My grandfather served in the Navy during World War II. My goal was really just to join the military and when I was thinking of the various branches the Navy seemed best because of all the travel.
I was stationed on a repair ship called the USS Sierra. We had all manner of workings on our ship—a foundry, welding, a machine shop—so we could perform repairs out in the ocean. There were about 980 people on the ship. Nothing compared to an aircraft carrier, but it was commissioned in WWII—just a leaky, old ship.
We were in port in Charleston, South Carolina, when Hurricane Andrew hit Florida in August 1992. I remember that day vividly. I was walking back to the ship, it was a Sunday, and I walked inside—I lived inside the ship, I was single—and the chief at the quarter-deck informed me that I couldn’t leave again. We literally had 24-hours notice and we were gone.
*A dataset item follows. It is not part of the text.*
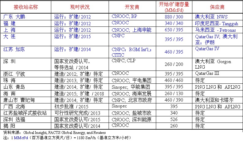中國大陸對液化天然氣的需求量很大,從2006年開始進口液化天然氣。2012年比2011年增加20%,今后還會將繼續增加。主要按照合同來源于卡塔爾、澳大利亞、印度尼西亞和馬來西亞,其他的均為短期合同和轉口貿易。目前,中國運行的液化天然氣接收站并不多,只有5個,但建設速度較快。

It took a couple days to steam down to Florida. Thousands were displaced. We were on a bus heading in and I remember seeing a Volkswagen van blown on top of a K-Mart.
We were met by the Florida National Guard and we worked with them to start building this monstrous tent city. We probably set up 400 14-16 person tents. The Red Cross came and we helped them establish a high-volume kitchen which mostly served chili and rice. They fed us—we were the first people to eat—and we objected to that, but they told us they needed us to have full bellies so we could go off and do what we needed to do.
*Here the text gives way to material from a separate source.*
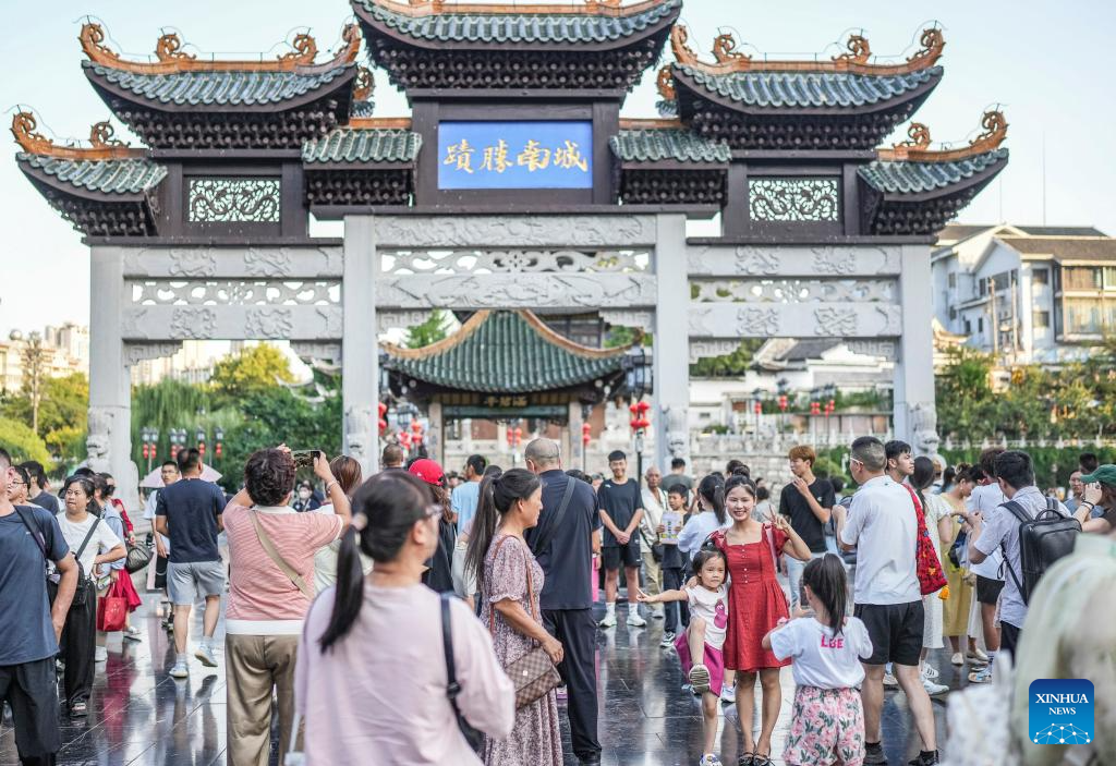 Tourists visit an ancient town in Zhongshan District of Liupanshui, southwest China's Guizhou Province, Aug. 8, 2024. Guizhou Province, with its cool climate and rich tourism resources, attracts tourists from all over the country during the peak summer travel season. (Xinhua/Tao Liang)

I remember working in that park for about a week. It was later determined that there were all these grammar schools in the area—some were completely destroyed, but some had just broken windows, structural damage. That was a concern because school was starting soon.
We had a lot of supplies so we broke into teams based on specialty and we were able to get the schools structurally sound again. I was a computer person in the Navy, so I was under-skilled in that regard, but there was so much of just moving stuff around. We had trucks provided by the National Guard and we would go back to the ship and get lumber, sheet metal—somebody was providing glass. The main thing I did was load supplies and drop them off. I did a ton of mixing cement, some roofing.
We worked with FEMA to aid all these mobile home parks that were just destroyed. We brought the paperwork to the people there—a lot of them were senior citizens. We were trained how to complete everything appropriately to expedite people receiving financial aid, which was huge.
Congress appropriated $11.1 billion for the disaster, which, at the time, was the largest disaster relief that had been done. I did several things in my military career, but this was so unique because it was completely humanitarian. It was on American soil helping other Americans. It felt pretty good. The community was so kind to us. I think we were there almost two months and I can’t remember the number of times we would walk into a place and our money was no good.
They treated us like gold.
Jack Luster served in the United States Navy from 1990 to 1995. He is a Business Analyst for Orange County Community Resources.